*** Opening of GIVEN RECORDS ***

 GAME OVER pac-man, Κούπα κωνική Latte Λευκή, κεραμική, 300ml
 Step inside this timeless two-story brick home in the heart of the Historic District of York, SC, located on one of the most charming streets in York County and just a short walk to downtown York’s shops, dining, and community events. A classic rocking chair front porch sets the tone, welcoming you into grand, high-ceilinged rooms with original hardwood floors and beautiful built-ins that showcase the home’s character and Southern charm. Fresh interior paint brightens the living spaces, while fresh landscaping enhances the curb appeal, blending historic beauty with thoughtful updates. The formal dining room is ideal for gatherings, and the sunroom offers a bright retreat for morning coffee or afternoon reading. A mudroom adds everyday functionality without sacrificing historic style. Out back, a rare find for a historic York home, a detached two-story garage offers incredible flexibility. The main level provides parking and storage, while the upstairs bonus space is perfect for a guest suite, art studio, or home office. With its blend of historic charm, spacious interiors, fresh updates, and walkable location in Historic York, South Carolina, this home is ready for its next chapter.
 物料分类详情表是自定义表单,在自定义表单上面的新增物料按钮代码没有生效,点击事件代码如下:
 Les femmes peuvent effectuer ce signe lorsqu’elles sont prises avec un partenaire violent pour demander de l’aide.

*** Close of GIVEN RECORDS ***
*** Opening of GIVEN RECORDS ***

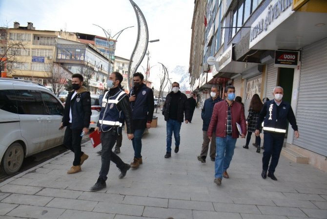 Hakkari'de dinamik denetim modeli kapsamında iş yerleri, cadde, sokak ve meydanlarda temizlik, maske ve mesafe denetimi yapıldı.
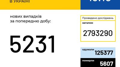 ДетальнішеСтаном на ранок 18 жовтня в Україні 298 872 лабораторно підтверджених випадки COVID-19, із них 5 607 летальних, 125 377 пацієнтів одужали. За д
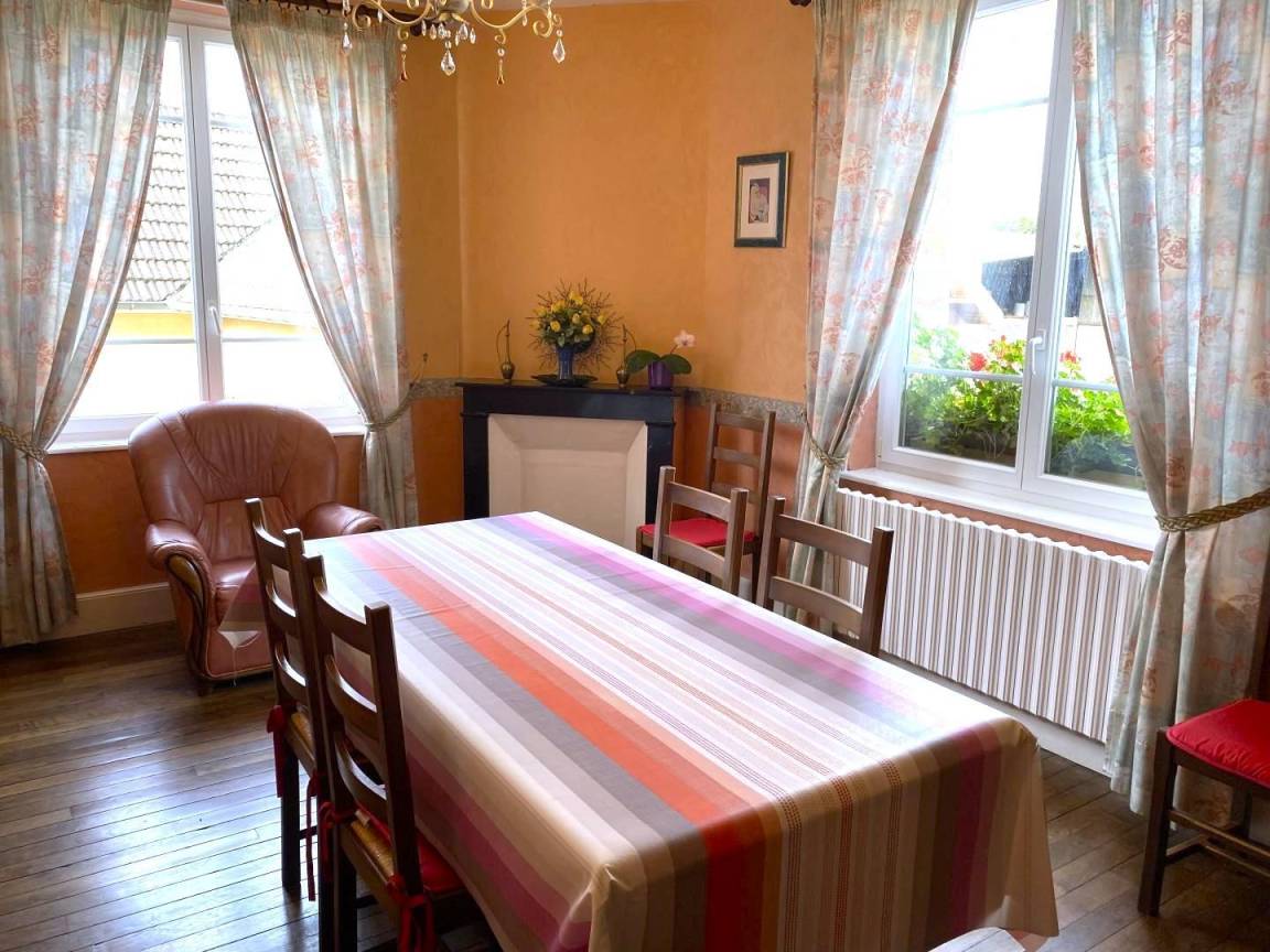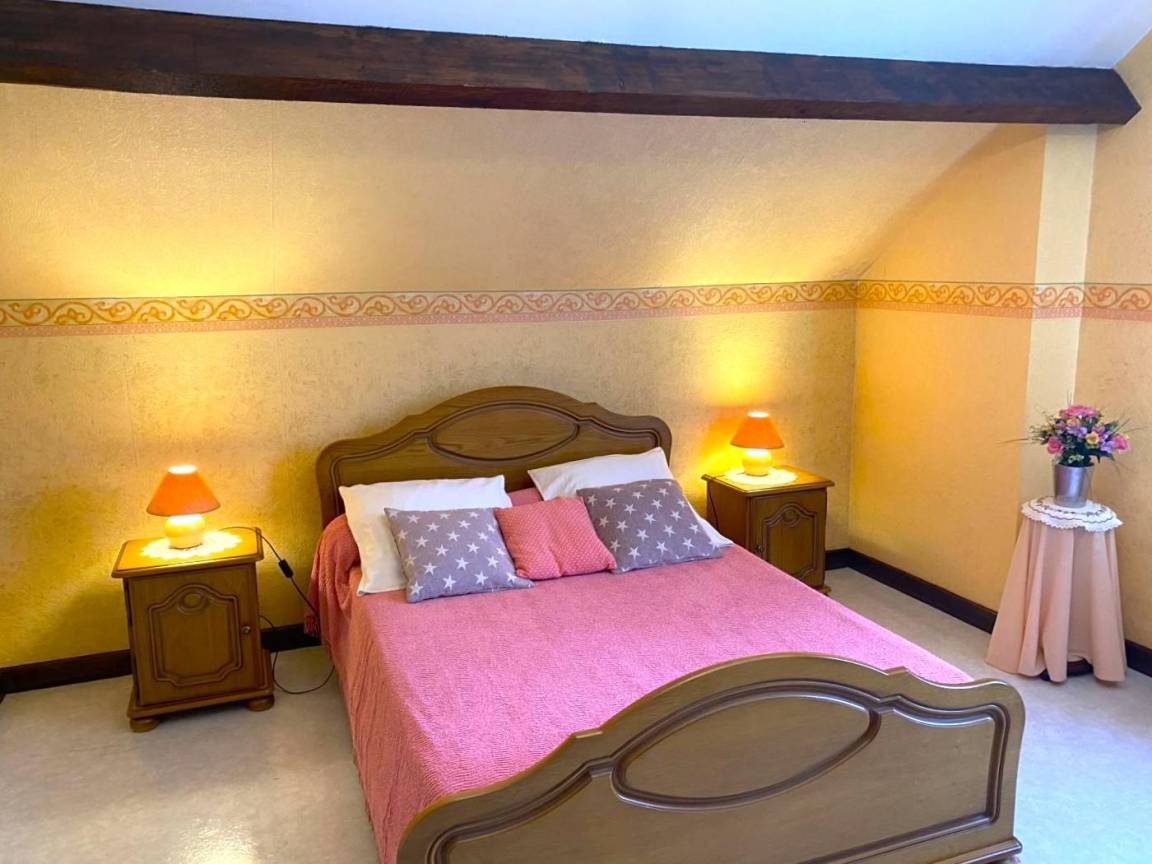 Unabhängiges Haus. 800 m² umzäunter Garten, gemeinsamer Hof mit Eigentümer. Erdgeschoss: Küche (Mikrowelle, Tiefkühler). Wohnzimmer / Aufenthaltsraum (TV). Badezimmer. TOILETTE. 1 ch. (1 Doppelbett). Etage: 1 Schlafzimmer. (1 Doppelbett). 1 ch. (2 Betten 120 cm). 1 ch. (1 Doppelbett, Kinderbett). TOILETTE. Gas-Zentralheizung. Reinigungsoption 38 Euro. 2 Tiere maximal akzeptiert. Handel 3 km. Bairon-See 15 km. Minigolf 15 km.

*** Close of GIVEN RECORDS ***
*** Opening of GIVEN RECORDS ***

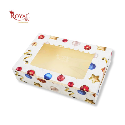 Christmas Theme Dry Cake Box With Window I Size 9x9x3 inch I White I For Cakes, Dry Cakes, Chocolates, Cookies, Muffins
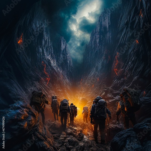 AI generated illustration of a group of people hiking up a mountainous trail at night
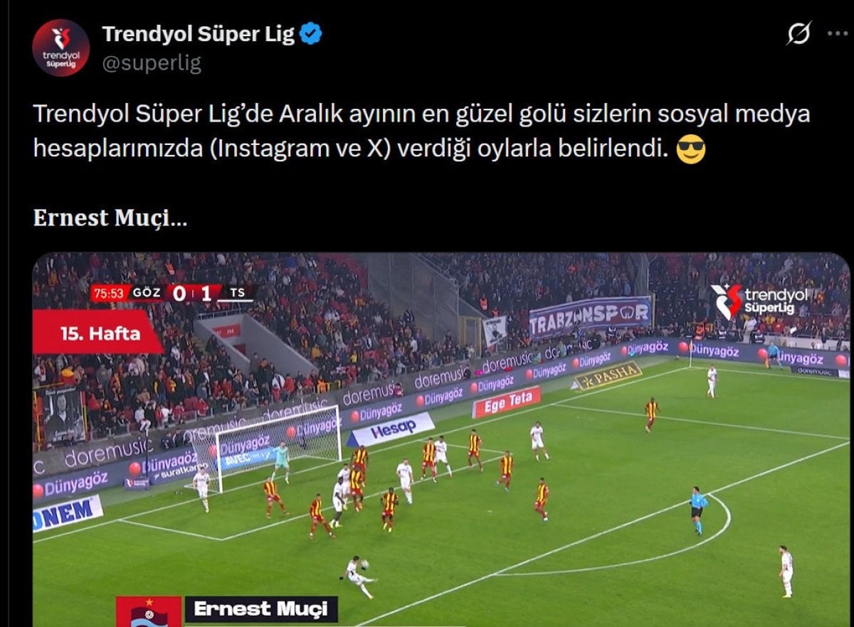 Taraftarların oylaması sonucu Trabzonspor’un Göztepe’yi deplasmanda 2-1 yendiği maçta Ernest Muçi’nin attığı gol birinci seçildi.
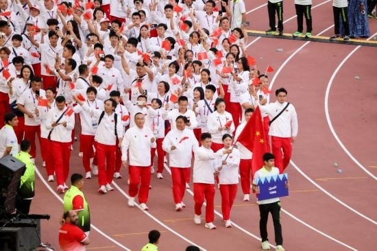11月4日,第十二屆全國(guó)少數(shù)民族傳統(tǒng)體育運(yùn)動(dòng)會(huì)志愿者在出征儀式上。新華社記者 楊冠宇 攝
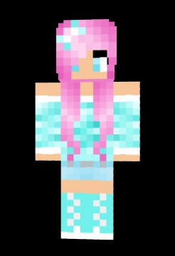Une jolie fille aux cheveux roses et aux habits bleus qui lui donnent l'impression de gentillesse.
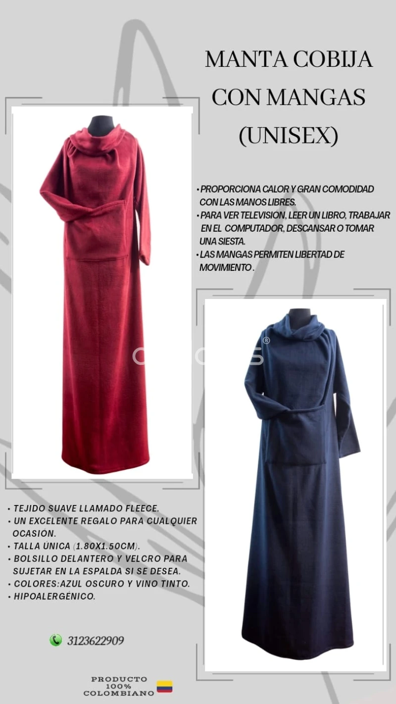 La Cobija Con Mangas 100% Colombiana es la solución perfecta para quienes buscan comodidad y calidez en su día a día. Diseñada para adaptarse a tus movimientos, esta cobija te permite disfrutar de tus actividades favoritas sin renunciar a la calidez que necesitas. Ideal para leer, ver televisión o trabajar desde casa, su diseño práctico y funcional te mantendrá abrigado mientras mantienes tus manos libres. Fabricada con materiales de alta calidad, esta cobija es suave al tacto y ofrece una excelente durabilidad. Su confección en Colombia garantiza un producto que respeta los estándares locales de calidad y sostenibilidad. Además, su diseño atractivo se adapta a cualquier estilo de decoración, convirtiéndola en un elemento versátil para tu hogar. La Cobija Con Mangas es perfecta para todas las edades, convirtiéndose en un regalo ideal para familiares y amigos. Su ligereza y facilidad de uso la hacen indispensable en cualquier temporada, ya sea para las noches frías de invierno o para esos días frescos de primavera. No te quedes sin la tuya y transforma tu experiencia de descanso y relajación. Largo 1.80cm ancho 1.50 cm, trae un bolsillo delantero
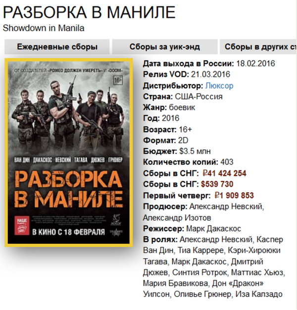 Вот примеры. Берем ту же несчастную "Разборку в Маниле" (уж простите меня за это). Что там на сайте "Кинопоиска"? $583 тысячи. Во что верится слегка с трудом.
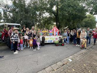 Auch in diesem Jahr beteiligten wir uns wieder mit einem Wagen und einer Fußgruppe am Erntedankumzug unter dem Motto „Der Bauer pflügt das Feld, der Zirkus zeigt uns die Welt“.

*** Close of GIVEN RECORDS ***

### WORK ORDER
Using the entries above, transcribe every line from the line containing "AI generated illustration" through the line containing "La Cobija Con Mangas 100%". Do not copy pictures.

### ANSWER BOX
 AI generated illustration of a group of people hiking up a mountainous trail at night
 Taraftarların oylaması sonucu Trabzonspor’un Göztepe’yi deplasmanda 2-1 yendiği maçta Ernest Muçi’nin attığı gol birinci seçildi.
11月4日,第十二屆全國(guó)少數(shù)民族傳統(tǒng)體育運(yùn)動(dòng)會(huì)志愿者在出征儀式上。新華社記者 楊冠宇 攝
Une jolie fille aux cheveux roses et aux habits bleus qui lui donnent l'impression de gentillesse.
 La Cobija Con Mangas 100% Colombiana es la solución perfecta para quienes buscan comodidad y calidez en su día a día. Diseñada para adaptarse a tus movimientos, esta cobija te permite disfrutar de tus actividades favoritas sin renunciar a la calidez que necesitas. Ideal para leer, ver televisión o trabajar desde casa, su diseño práctico y funcional te mantendrá abrigado mientras mantienes tus manos libres. Fabricada con materiales de alta calidad, esta cobija es suave al tacto y ofrece una excelente durabilidad. Su confección en Colombia garantiza un producto que respeta los estándares locales de calidad y sostenibilidad. Además, su diseño atractivo se adapta a cualquier estilo de decoración, convirtiéndola en un elemento versátil para tu hogar. La Cobija Con Mangas es perfecta para todas las edades, convirtiéndose en un regalo ideal para familiares y amigos. Su ligereza y facilidad de uso la hacen indispensable en cualquier temporada, ya sea para las noches frías de invierno o para esos días frescos de primavera. No te quedes sin la tuya y transforma tu experiencia de descanso y relajación. Largo 1.80cm ancho 1.50 cm, trae un bolsillo delantero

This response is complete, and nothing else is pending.